- **Supplied data**:
▶

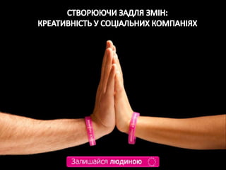 Presentation created for the Working Group Creativity in social campaigns « Balance between Attracting and achieving/Creating for change». Working Group was moderated by Dzvenyslava Novakivska. It was main component of the Final Conference 'Women and Children's Rights in Ukraine - Communication component'
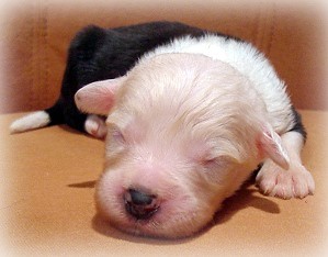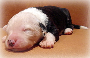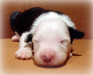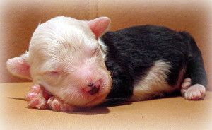 Welpe Nr. 2 - Hündin geb. am 9.1.2005 um 0.10 Uhr Gewicht: 312 gr.
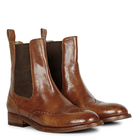 Saint Rose Rust Leather Front Zipper Pointed Toe Heel Boots
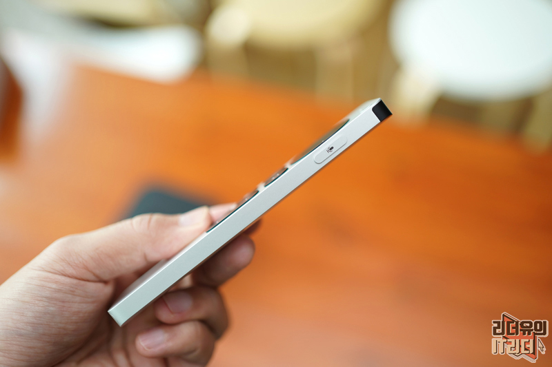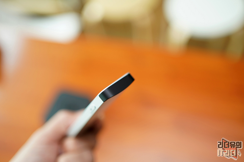 옆면은 모두 유광의 반짝 거리는 디자인으로 표현했습니다. 부드러운 라운딩이 들어간 모서리와 엣지있게 표현된 면 처리는 아이폰, 아이패드의 느낌과 유사합니다. 두께는 35mm로 두꺼운 편입니다. 무게는 425g 입니다.
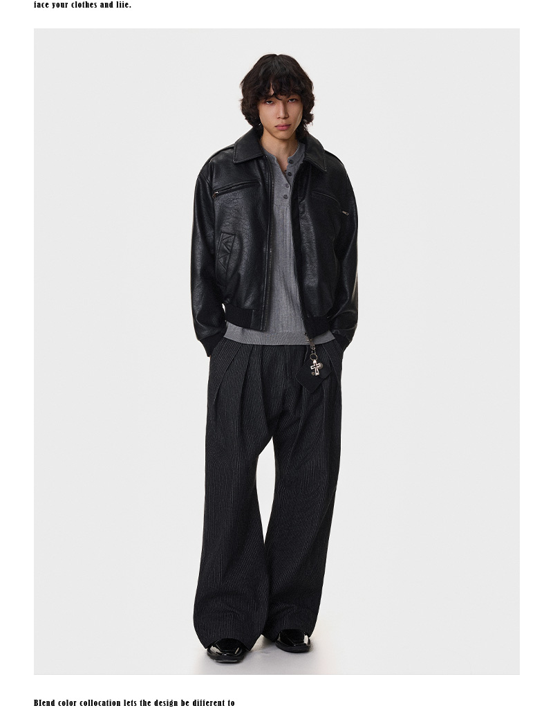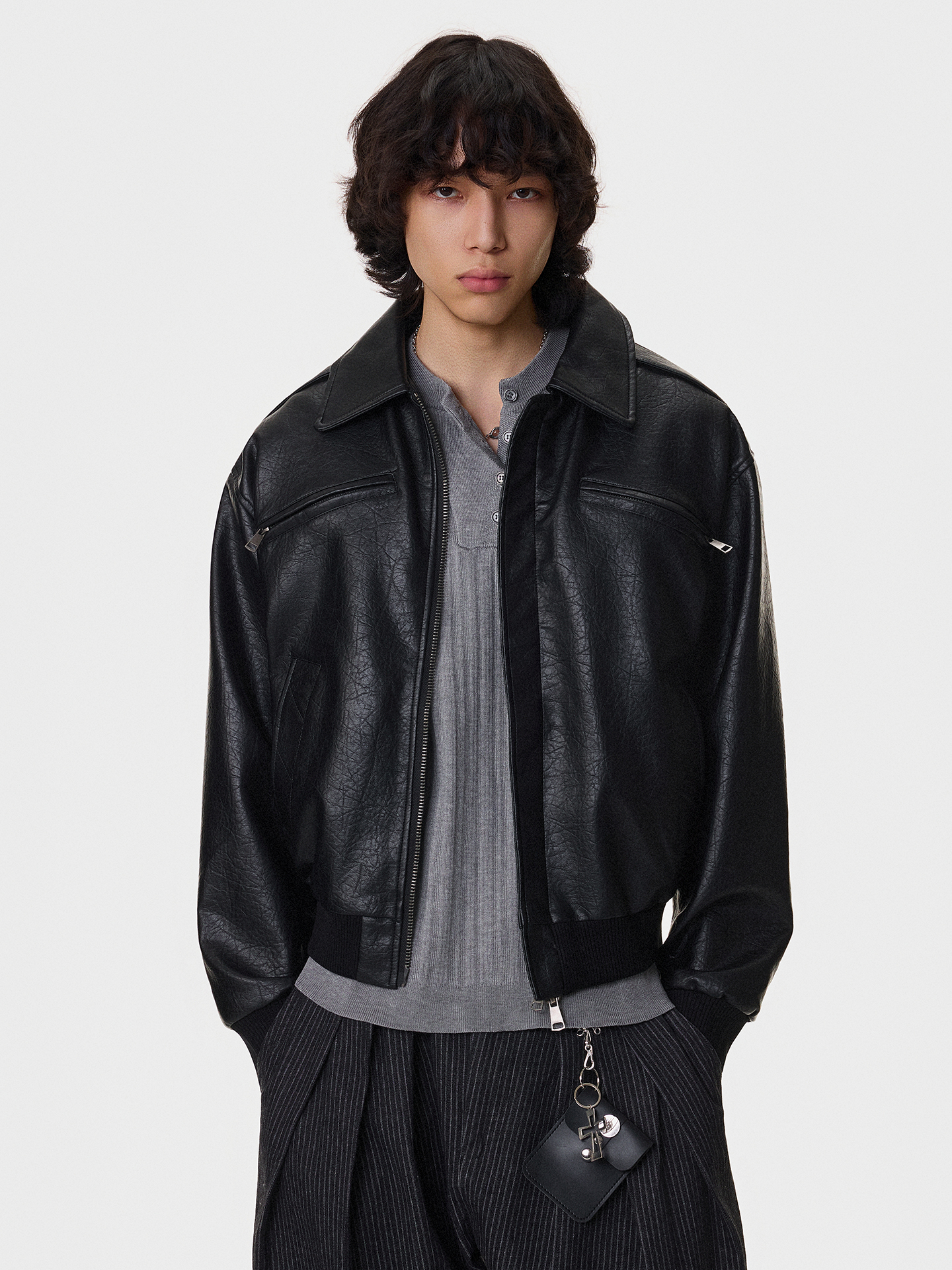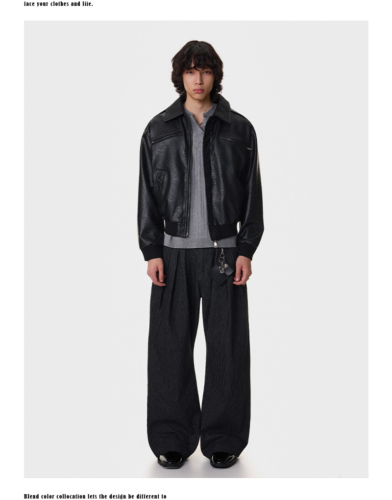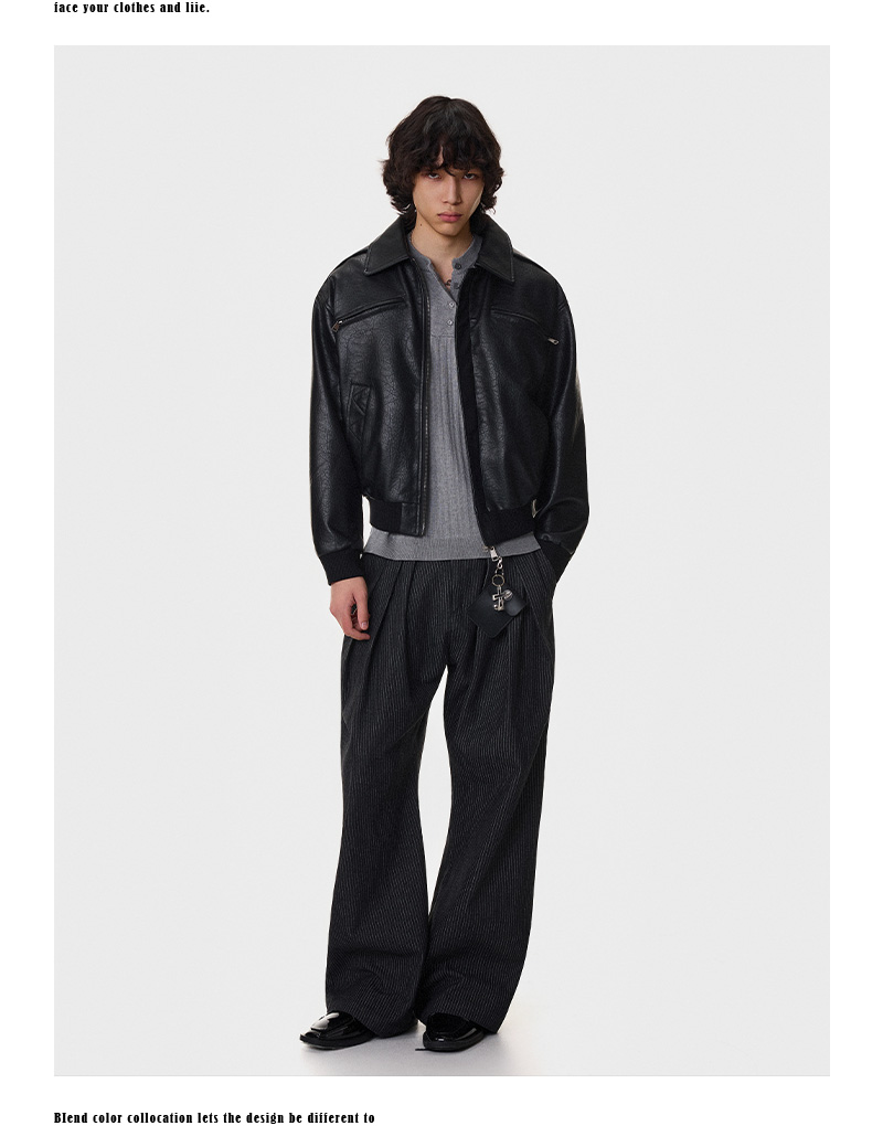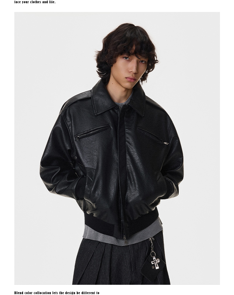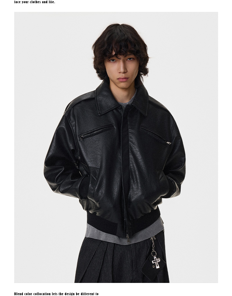 Textured Multi-Pocket Short PU Leather Jacket WN21394
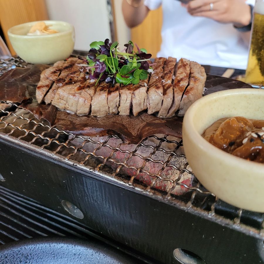 불판 위에서 지글지글 구워지는 스테이크는 육즙 가득한 비주얼과 완벽한 굽기로 보는 이의 침샘을 자극합니다. 겉은 바삭하고 속은 촉촉한 스테이크는 입안에서 사르르 녹아내리며 깊은 풍미를 선사합니다. 곁들여진 소스와 채소는 스테이크의 맛을 더욱 풍성하게 만들어주며, 일식뿐만 아니라 다양한 메뉴에도 뛰어난 실력을 보여주는 칸파이의 역량을 엿볼 수 있습니다.
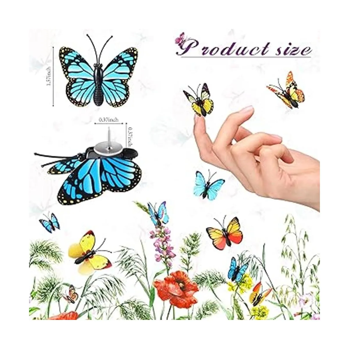 Material: los pasadores de mariposa están hechos de mariposa de plástico y tachuelas de metal, cada mariposa mide aproximadamente 1.5 pulgadas de ancho

◀

- **Task brief**: Your copy should match every record exactly and contain no pictures.

- **Answer for this exercise**:
 Presentation created for the Working Group Creativity in social campaigns « Balance between Attracting and achieving/Creating for change». Working Group was moderated by Dzvenyslava Novakivska. It was main component of the Final Conference 'Women and Children's Rights in Ukraine - Communication component'
 Welpe Nr. 2 - Hündin geb. am 9.1.2005 um 0.10 Uhr Gewicht: 312 gr.
 Saint Rose Rust Leather Front Zipper Pointed Toe Heel Boots
 옆면은 모두 유광의 반짝 거리는 디자인으로 표현했습니다. 부드러운 라운딩이 들어간 모서리와 엣지있게 표현된 면 처리는 아이폰, 아이패드의 느낌과 유사합니다. 두께는 35mm로 두꺼운 편입니다. 무게는 425g 입니다.
 Textured Multi-Pocket Short PU Leather Jacket WN21394
 불판 위에서 지글지글 구워지는 스테이크는 육즙 가득한 비주얼과 완벽한 굽기로 보는 이의 침샘을 자극합니다. 겉은 바삭하고 속은 촉촉한 스테이크는 입안에서 사르르 녹아내리며 깊은 풍미를 선사합니다. 곁들여진 소스와 채소는 스테이크의 맛을 더욱 풍성하게 만들어주며, 일식뿐만 아니라 다양한 메뉴에도 뛰어난 실력을 보여주는 칸파이의 역량을 엿볼 수 있습니다.
 Material: los pasadores de mariposa están hechos de mariposa de plástico y tachuelas de metal, cada mariposa mide aproximadamente 1.5 pulgadas de ancho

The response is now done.